Где тебя нет (СИ)
Где тебя нет (СИ) читать книгу онлайн
Внимание! Книга может содержать контент только для совершеннолетних. Для несовершеннолетних чтение данного контента СТРОГО ЗАПРЕЩЕНО! Если в книге присутствует наличие пропаганды ЛГБТ и другого, запрещенного контента - просьба написать на почту [email protected] для удаления материала
— Это Пепе, — Серхио небрежно кивает в его сторону с таким видом, будто это самая очевидная истина, которую знает каждый ребенок, — Пепе — мой лучший друг.
Парень, представленный Пепе, тоже молчать не собирается.
— Так ты рассказал ему? — он хмыкает, и Лука, до этого замолчавший со своим вопросом, замечает поразительное сходство его с Серхио. Рамос тоже любит прищуриваться так же, как и Пепе. Он любит иногда подпирать собой стены, прямо как и его друг; и, естественно, он тоже любит побольнее уколоть словом.
— Нет, — хмуро пересиливает себя Серхио. Пепе глазами показывает на место рядом с сидящим и растерянным Модричем, но тот отказывается и остаётся стоять, — он не знает.
— Чего я не знаю? — Лука ужасно злится из-за того, что он ничего не понимает: он в чужом месте, его игнорируют и говорят загадками.
— И что только в нём нашли? Тощий, страшный, как котяра с помойки… Киса-киса, тебя Лука зовут? — Пепе ухмыляется. Модрич вспыхивает.
— Я сюда не оскорбления выслушивать пришёл!
— Знаю, знаю. Но ведь так будет немного интереснее. Рамос, ты скажешь? Или мне опять всю грязную работу за тебя делать?

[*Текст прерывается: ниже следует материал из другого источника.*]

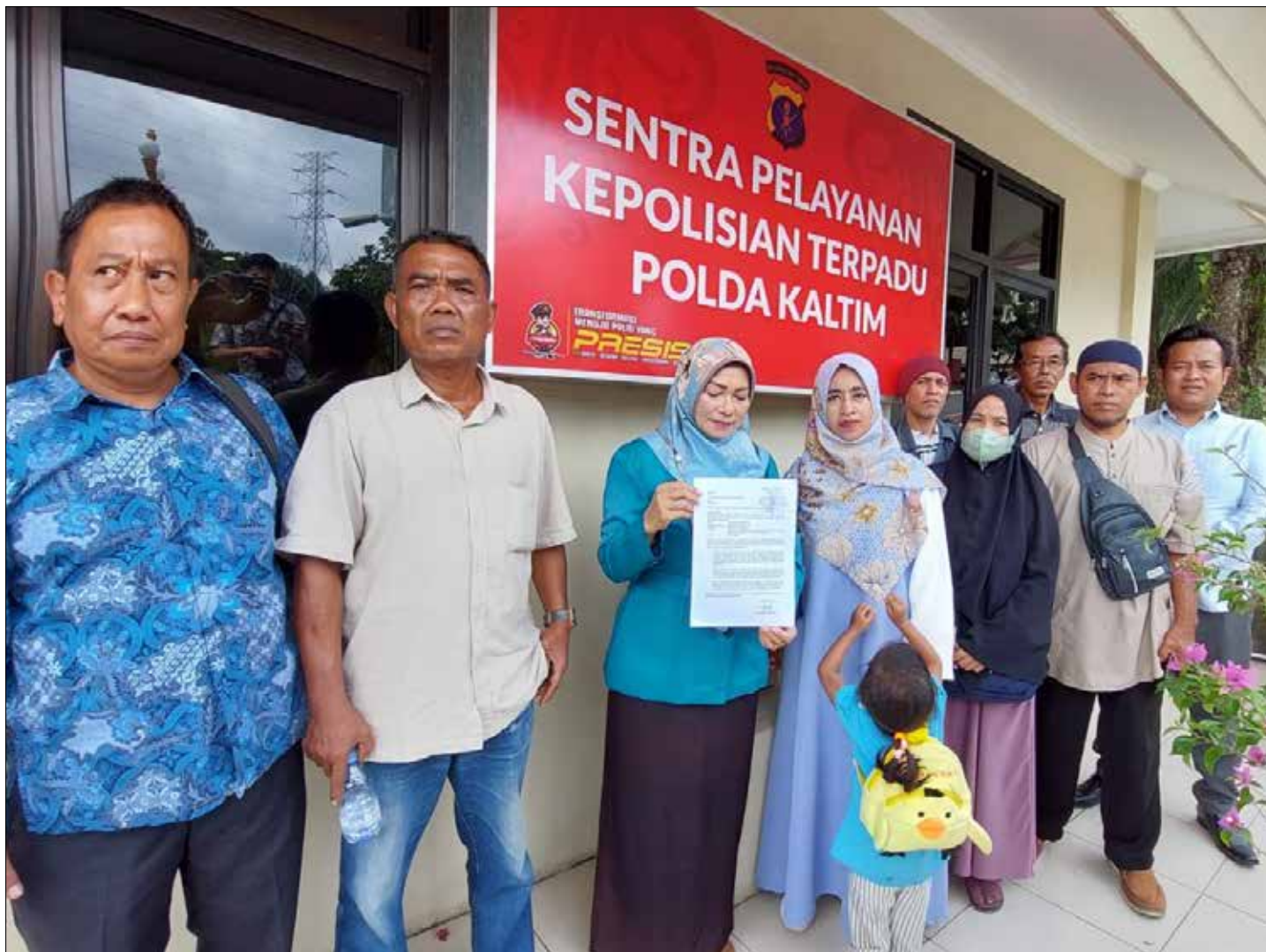
Warga RT 52 GPA mendatangi Polda Kaltim untuk membuat laporan dugaan pidana kepada pengembang Daun Village.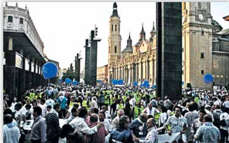
El acto reivindicativo finalizó en la Plaza del Pilar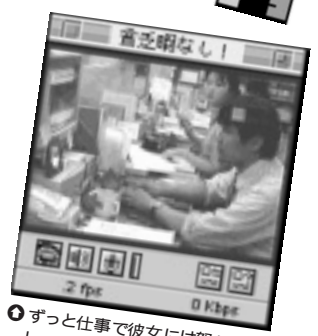
⑪ ずっと仕事で彼女には怒られるし...。みんなGWを満喫しやがって! うらやましいっただけありゃない!! (三宮さん)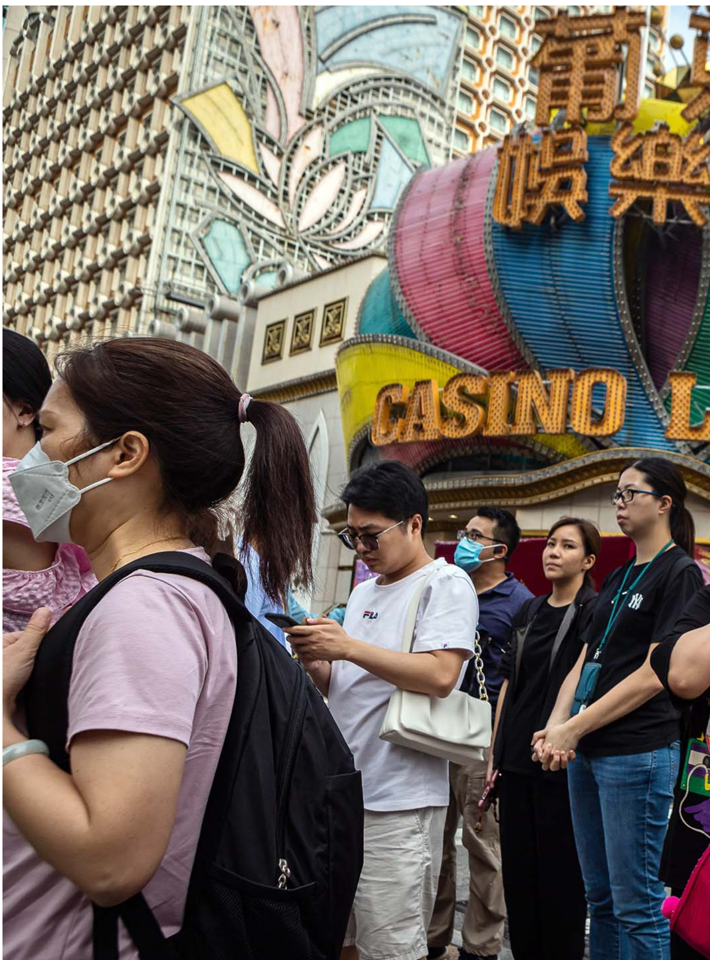
2023年4月30日，澳門，行人在賭場前等待過馬路。

給她提醒的，還有自己的哥哥。阿壯說，哥哥年輕時在廣告公司上班，也超不看不起公務員，覺得一點挑戰性都沒有。在疫情前兩個月，他還很帥氣地裸辭，但沒想到發生疫情，完全找不到工作，積蓄就像水一樣流走，「他很要面子的，也只好回原公司工作。」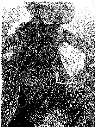
Chemise années 1970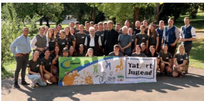
^^ Beim Projektmarathon 2025 stellten die LJ-Mitglieder ihren Teamgeist unter Beweis: Innerhalb von 42,195 Stunden wurden ein Sonnengesangsweg gestaltet, Spielplätze und ein Rundwanderweg neu belebt.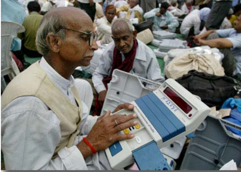
Hindistan'da, bir oy kullanma memuru Mayıs 2007 seçiminden önce elektronik oy kullanma makinelerini kontrol ediyor.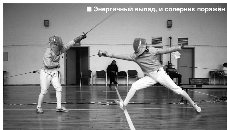
■ Энергичный выпад, и соперник поражен

Металлический звон и холодный блеск клинков, радостные возгласы спортсменов и всеобщее оживление царили 30 и 31 октября в корпусе ТГУ на Фрунзе, 2 г. Все эти два дня в малом физкультурном зале проходил Всероссийский турнир по фехтованию на саблях.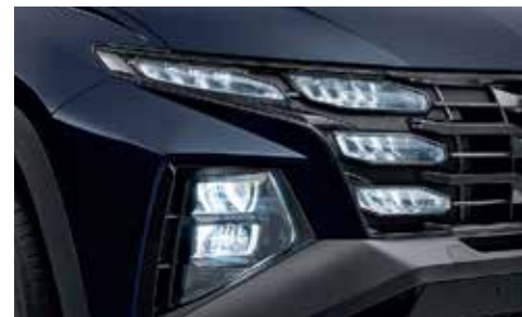
Full LED Headlamps (MFR Type)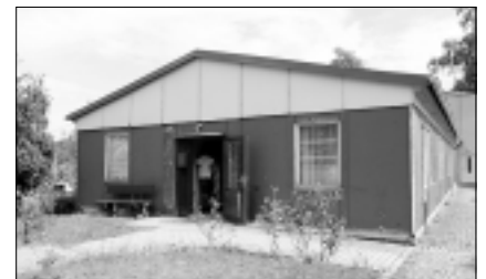
Die Kleiderkammer ist auf der Schillerstraße 7 zu finden

Aber die geringen Preise stehen nicht für eine mindere Qualität. Die gespendeten Sachen werden vor der Weitergabe aussortiert und gereinigt. So kommt es schon mal vor, dass mancher Besucher der Kleiderkammer sein Gekauftes kaum mehr tragen kann, da es so viel geworden ist.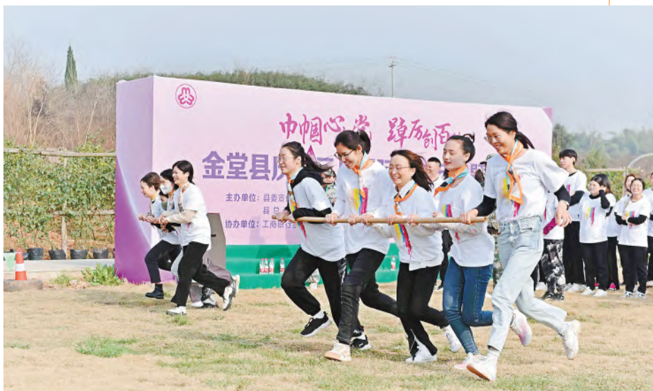
金堂基地荣获金堂县2023年“三八”妇女节趣味运动会第一名

心理健康培训内容涵盖重视员工心理问题和如何识别员工心理问题两个方面。专家指出,在企业管理过程中,员工心理问题是一项需要特别关注的问题。许多员工因为压力、疲劳、工作不畅等原因,常常会产生各种心理问题。如果这些问题得不到及时有效地解决,将会对员工的工作积极性和工作效率产生负面影响,甚至对员工的身心健康或者企业产生不可逆的损害。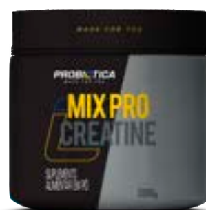
MIX PRO CREATINE PROBIÓTICA POTE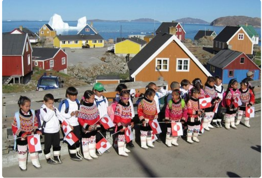
Inuiittikulttuuri on vahvasti edelleen läsnä esimerkiksi lasten vaatetuksessa.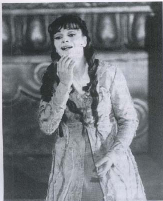
La Devinu veste i panni di Liù nella pucciniana "Turandot". Roma, Teatro dell'Opera, 1997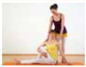
Weiterbildung Asana Exakt

— Да что такого важного мне Рамос сказать должен? — бесится Лука и встаёт с дивана. Он просто не может продолжать сидеть, пока вокруг него стоят люди. Однако Рамос тем же выверенным и точным движением насильно приземляет его обратно, глазами приказывая не рыпаться.
Серхио угрюмо молчит. Пепе оценивает накал ситуации и выпаливает:
— Значит так, киса. Чехо всё хотел сказать тебе, что тебя, м-м… Не знаю, как сказать, чтобы не ранить твою неокрепшую детскую психику, котёнок… Да, тебя захотят окуклить через две недели. Вот как-то так, да.
Модрич молчит, не понимая, что хотел этим донести до него Пепе.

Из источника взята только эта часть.